At step 750, temporal noise reduction is performed on the first set of frames in a time-reversed order to generate a time-reversed output. At step 760, temporal noise reduction is performed on the second set of frames in a time-forward order to generate a causal output. In various examples, temporal noise reduction can be performed on the first set of frames in a time-forward order and on the second set of frames in the time-reversed order. In general, one subset of frames will be TNR processed in time-forward order and one subset of frames will be TNR processed in time-reversed order.

At step 770, temporal noise reduction parameters are adjusted to minimize a loss function between the time-reversed output and the causal output from steps 750 and 760, as described above. In various examples, the method 700 returns to step 720 and repeats to further adjust the TNR parameters.
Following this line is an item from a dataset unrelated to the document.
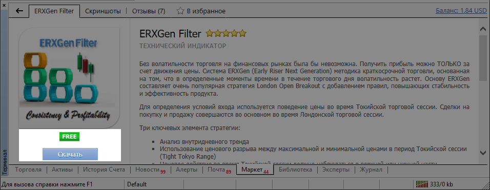 На странице продукта нажимаем “Скачать” — начнется загрузка индикатора в терминал.

In some examples, the method 700 returns to step 710 and repeats with a new input image frame.

Example Computing Device

FIG. 8 is a block diagram of an example computing device 800, in accordance with various embodiments. In some embodiments, the computing device 800 may be used for at least part of the deep learning system 100 in FIG. 1. A number of components are illustrated in FIG. 8 as included in the computing device 800, but any one or more of these components may be omitted or duplicated, as suitable for the application. In some embodiments, some or all of the components included in the computing device 800 may be attached to one or more motherboards. In some embodiments, some or all of these components are fabricated onto a single system on a chip (SoC) die. Additionally, in various embodiments, the computing device 800 may not include one or more of the components illustrated in FIG. 8, but the computing device 800 may include interface circuitry for coupling to the one or more components. For example, the computing device 800 may not include a display device 806, but may include display device interface circuitry (e.g., a connector and driver circuitry) to which a display device 806 may be coupled. In another set of examples, the computing device 800 may not include a video input device 818 or a video output device 808, but may include video input or output device interface circuitry (e.g., connectors and supporting circuitry) to which a video input device 818 or video output device 808 may be coupled.
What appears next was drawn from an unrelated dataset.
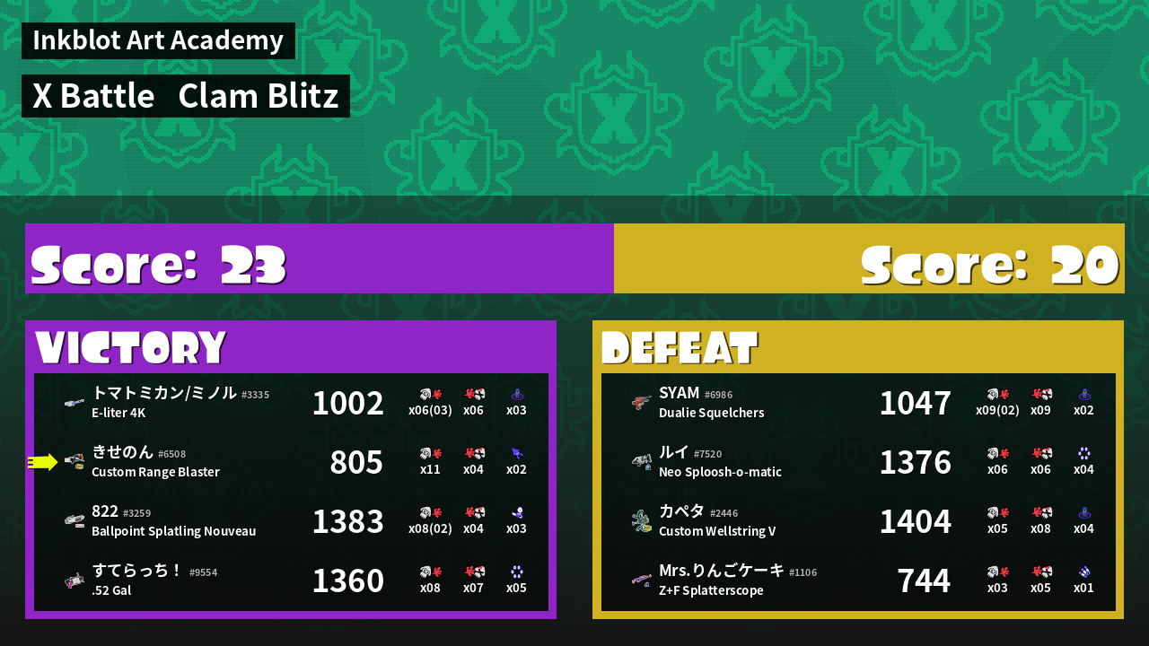 | Mode | Clam Blitz - X Battle | ||

The computing device 800 may include a processing device 802 (e.g., one or more processing devices). The processing device 802 processes electronic data from registers and/or memory to transform that electronic data into other electronic data that may be stored in registers and/or memory. The computing device 800 may include a memory 804, which may itself include one or more memory devices such as volatile memory (e.g., DRAM), nonvolatile memory (e.g., read-only memory (ROM)), high bandwidth memory (HBM), flash memory, solid state memory, and/or a hard drive. In some embodiments, the memory 804 may include memory that shares a die with the processing device 802. In some embodiments, the memory 804 includes one or more non-transitory computer-readable media storing instructions executable for occupancy mapping or collision detection, e.g., the method 900 described above in conjunction with FIG. 9 or some operations performed by the DNN system 100 in FIG. 1. The instructions stored in the one or more non-transitory computer-readable media may be executed by the processing device 802.
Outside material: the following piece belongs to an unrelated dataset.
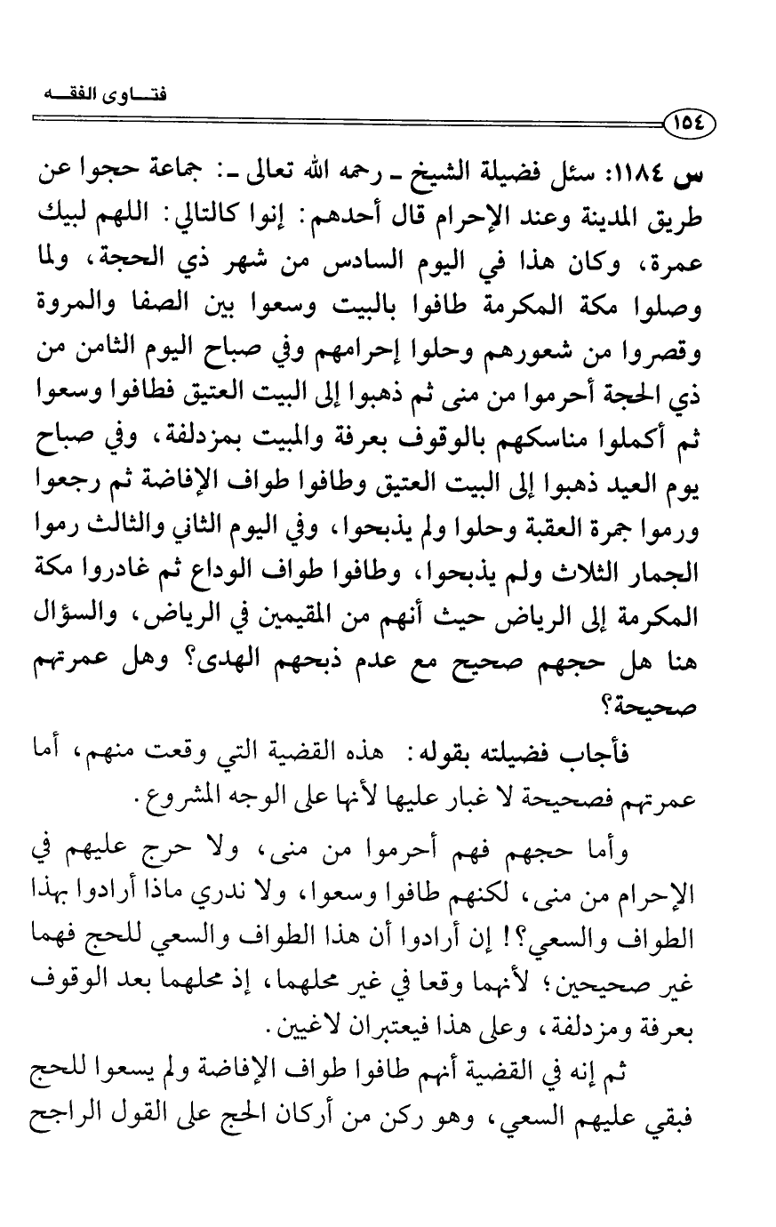 س1184: سئل فضيلة الشيخ- رحمه الله تعالى-: جماعة حجوا عن طريق المدينة وعند الإحرام قال أحدهم: إنوا كالتالي: اللهم لبيك عمرة، وكان هذا في اليوم السادس من شهر ذي الحجة، ولما

In some embodiments, the computing device 800 may include a communication chip 812 (e.g., one or more communication chips). For example, the communication chip 812 may be configured for managing wireless communications for the transfer of data to and from the computing device 800. The term “wireless” and its derivatives may be used to describe circuits, devices, systems, methods, techniques, communications channels, etc., that may communicate data using modulated electromagnetic radiation through a nonsolid medium. The term does not imply that the associated devices do not contain any wires, although in some embodiments they might not.

The communication chip 812 may implement any of a number of wireless standards or protocols, including but not limited to Institute for Electrical and Electronic Engineers (IEEE) standards including Wi-Fi (IEEE 802.10 family), IEEE 802.16 standards (e.g., IEEE 802.16-2005 Amendment), Long-Term Evolution (LTE) project along with any amendments, updates, and/or revisions (e.g., advanced LTE project, ultramobile broadband (UMB) project (also referred to as “3GPP2”), etc.). IEEE 802.16 compatible Broadband Wireless Access (BWA) networks are generally referred to as WiMAX networks, an acronym that stands for worldwide interoperability for microwave access, which is a certification mark for products that pass conformity and interoperability tests for the IEEE 802.16 standards. The communication chip 812 may operate in accordance with a Global System for Mobile Communication (GSM), General Packet Radio Service (GPRS), Universal Mobile Telecommunications System (UMTS), High Speed Packet Access (HSPA), Evolved HSPA (E-HSPA), or LTE network. The communication chip 812 may operate in accordance with Enhanced Data for GSM Evolution (EDGE), GSM EDGE Radio Access Network (GERAN), Universal Terrestrial Radio Access Network (UTRAN), or Evolved UTRAN (E-UTRAN). The communication chip 812 may operate in accordance with code-division multiple access (CDMA), Time Division Multiple Access (TDMA), Digital Enhanced Cordless Telecommunications (DECT), Evolution-Data Optimized (EV-DO), and derivatives thereof, as well as any other wireless protocols that are designated as 3G, 4G, 5G, and beyond. The communication chip 812 may operate in accordance with other wireless protocols in other embodiments. The computing device 800 may include an antenna 822 to facilitate wireless communications and/or to receive other wireless communications (such as AM or FM radio transmissions).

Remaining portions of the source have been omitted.